Compartmentalization is the basis for digital PCR
At its introduction in 1988, a 384-well plate was used to demonstrate the principles of “limiting dilution” for rare target detection (1). As DNA amplification and quantification using digital PCR (dPCR) has evolved, so have methods of reagent distribution or compartmentalization. One of the most common methods available today is the use of microfluidic technology to create many small, isolated reactions via emulsification into droplets. This enables tens of thousands of now much-smaller-volume droplets to be generated per dPCR reaction. Increasing the number of droplets improves the ability to detect rare targets and improves accuracy for higher concentration targets and essentially expanding the dynamic range (2,3).
Precise and accurate digital PCR
The Applied Biosystems QuantStudio Absolute Q Digital PCR System relies on its proprietary microfluidic array plate (MAP) technology to deliver highly-accurate dPCR results. Here’s how it works:
The MAP (Figure 1) has 16 dPCR reaction units, easily distinguished as opaque squares. Zooming in, each dPCR reaction unit (opaque square) is made up of 20,480 fixed array microchambers. The microchambers themselves are connected by a distribution network that is used to deliver PCR reagents. Once the reagents have been compartmentalized into the microchambers, PCR amplification then proceeds, and the number of microchambers with successful DNA amplification are counted.
Greater consistency than other dPCR methods
Some emulsion-based or droplet digital PCR (ddPCR) technologies suffer from a lack of consistency due to the dependency on an inherently stochastic process—fluid shearing—to create individual compartments. This can result in the total number of compartments generated per dPCR reaction being highly variable.
QuantStudio Absolute Q MAP technology, on the other hand, does not rely on fluidic shearing used in droplets or a physical displacement of excess reagents to form compartments or microchambers. So, in addition to delivering superior consistency, reduced reagent waste, and a simplified workflow, MAP technology provides overall greater volume precision, higher numbers of microchambers generated, and more accurate quantification.
A look at the data
To demonstrate the type of data generated by the MAP16 plate on the QuantStudio Absolute Q system, we used a multiplex assay that uses all four optical channels of the QuantStudio Absolute Q system to detect Target 1 (FAM), Target 2 (VIC), Target 3 (ABY), and Target 4 (CY5). Figure 2 shows the resulting dPCR fluorescence plots and maps of microchamber positivity generated by the QuantStudio Absolute Q Analysis software from a single reaction on the MAP16 plate.

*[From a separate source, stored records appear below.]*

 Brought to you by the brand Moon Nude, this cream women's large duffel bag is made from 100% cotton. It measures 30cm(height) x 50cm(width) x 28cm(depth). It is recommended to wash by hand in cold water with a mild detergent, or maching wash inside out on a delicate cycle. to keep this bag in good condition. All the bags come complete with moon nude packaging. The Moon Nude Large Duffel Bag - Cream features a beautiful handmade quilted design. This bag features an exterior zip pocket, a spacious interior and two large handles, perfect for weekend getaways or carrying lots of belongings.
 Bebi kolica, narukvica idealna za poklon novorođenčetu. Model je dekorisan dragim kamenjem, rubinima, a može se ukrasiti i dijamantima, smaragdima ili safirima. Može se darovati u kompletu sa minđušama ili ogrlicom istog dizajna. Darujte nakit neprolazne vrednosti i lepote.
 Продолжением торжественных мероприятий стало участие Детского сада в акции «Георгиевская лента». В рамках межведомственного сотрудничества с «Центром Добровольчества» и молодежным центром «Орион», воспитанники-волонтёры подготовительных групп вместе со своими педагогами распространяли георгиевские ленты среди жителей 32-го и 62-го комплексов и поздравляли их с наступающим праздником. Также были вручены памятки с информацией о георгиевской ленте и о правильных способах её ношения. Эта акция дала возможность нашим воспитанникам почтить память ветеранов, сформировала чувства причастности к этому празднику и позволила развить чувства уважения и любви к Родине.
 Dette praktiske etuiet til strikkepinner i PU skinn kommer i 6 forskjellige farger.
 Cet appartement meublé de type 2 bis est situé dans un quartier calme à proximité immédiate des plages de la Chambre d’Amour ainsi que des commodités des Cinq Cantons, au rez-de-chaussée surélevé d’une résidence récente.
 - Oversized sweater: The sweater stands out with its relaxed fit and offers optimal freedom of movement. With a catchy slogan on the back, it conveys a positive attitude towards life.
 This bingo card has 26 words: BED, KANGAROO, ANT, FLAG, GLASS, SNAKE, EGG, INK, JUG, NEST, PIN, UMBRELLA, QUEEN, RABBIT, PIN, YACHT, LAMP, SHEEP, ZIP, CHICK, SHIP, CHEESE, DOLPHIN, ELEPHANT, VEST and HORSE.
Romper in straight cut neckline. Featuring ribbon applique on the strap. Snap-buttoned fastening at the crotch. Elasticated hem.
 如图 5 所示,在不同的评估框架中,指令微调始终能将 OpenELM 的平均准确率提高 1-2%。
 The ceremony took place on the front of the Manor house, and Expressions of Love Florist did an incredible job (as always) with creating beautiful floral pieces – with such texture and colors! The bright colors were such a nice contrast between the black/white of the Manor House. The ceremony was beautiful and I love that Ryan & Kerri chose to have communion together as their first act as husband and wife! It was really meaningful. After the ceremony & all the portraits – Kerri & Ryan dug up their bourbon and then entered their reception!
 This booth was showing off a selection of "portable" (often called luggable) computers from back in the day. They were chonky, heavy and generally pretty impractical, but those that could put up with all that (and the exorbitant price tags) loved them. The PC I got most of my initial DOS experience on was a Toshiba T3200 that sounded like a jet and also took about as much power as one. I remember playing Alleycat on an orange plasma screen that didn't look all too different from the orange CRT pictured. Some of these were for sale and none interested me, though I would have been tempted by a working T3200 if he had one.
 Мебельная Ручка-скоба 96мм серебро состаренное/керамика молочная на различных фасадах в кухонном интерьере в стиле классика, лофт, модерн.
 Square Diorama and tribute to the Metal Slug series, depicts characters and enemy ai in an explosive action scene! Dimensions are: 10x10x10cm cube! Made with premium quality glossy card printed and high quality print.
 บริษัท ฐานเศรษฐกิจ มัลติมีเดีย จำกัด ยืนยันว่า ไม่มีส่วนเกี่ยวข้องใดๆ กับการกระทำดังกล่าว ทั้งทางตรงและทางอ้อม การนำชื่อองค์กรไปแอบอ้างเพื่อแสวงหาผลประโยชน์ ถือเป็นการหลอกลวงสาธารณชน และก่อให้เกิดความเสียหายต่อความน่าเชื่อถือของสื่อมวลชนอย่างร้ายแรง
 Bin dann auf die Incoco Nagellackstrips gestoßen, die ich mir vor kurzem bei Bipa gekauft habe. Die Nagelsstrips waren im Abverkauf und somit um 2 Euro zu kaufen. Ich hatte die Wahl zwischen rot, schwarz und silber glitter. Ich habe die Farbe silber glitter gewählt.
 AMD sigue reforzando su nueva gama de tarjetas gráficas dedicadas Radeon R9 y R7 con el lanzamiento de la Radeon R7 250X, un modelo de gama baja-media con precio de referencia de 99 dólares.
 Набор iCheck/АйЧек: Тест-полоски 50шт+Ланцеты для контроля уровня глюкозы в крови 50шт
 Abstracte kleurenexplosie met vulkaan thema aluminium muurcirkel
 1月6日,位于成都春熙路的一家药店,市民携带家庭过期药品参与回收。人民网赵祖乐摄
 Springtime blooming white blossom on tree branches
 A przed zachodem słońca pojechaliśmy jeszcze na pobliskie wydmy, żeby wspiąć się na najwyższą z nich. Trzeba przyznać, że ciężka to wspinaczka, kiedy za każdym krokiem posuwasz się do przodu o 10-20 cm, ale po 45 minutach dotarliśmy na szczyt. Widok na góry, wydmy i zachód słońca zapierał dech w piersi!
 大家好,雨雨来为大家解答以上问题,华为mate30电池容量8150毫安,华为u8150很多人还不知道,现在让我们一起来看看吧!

Generate 20,000 dPCR microreactions—every time
To highlight the exceptional consistency of microchamber filling, we conducted a study to demonstrate the repeatability of high accepted microchamber counts across the MAP for different assays (Figure 3). For this study we ran 14 plates using in-house standard QC assays. In the dPCR workflow, once dPCR is complete, QuantStudio Absolute Q Analysis software finds and inspects each microchamber within a dPCR reaction or array using a QC channel, then accepts only those microchambers with uniform fill and no obvious signs of debris of non-PCR-related auto-fluorescence. Across the 14 plates included in the study, we identified an average microchamber acceptance of 99.7% (±0.6%). We plotted the total number of accepted microchambers per array across each of the 14 MAPs to show the overall consistency across each of the plates. The dashed line at 20,480 indicates the total number of microchambers available on the MAP. Across all arrays we noted an average of 20,417 (±133) microchambers accepted per plate.
Why does the number of microchambers analyzed matter?
Because statistics are at the root of dPCR analysis.
Using Poisson modeling (above), both the total number of microchambers analyzed and the microchamber volume are used to calculate final concentrations from dPCR reactions. So it is critical for both of these variables to be highly consistent and calculated precisely. MAP technology improves consistency in total acceptable microchambers, overall volume precision, and, as a result, overall quantification.
- Saiki RK, Gelfand DH, Stoffel S, et al. Primer-directed enzymatic amplification of DNA with a thermostable DNA polymerase. Science. 1988;239(4839):487‐491.
- Huggett JF, Foy CA, Benes V, et al. The digital MIQE guidelines: Minimum Information for Publication of Quantitative Digital PCR Experiments. Clin Chem. 2013;59(6):892‐902.
- Quan PL, Sauzade M, Brouzes E. dPCR: A Technology Review. Sensors (Basel). 2018;18(4):1271.
For Research Use Only. Not for use in diagnostic procedures.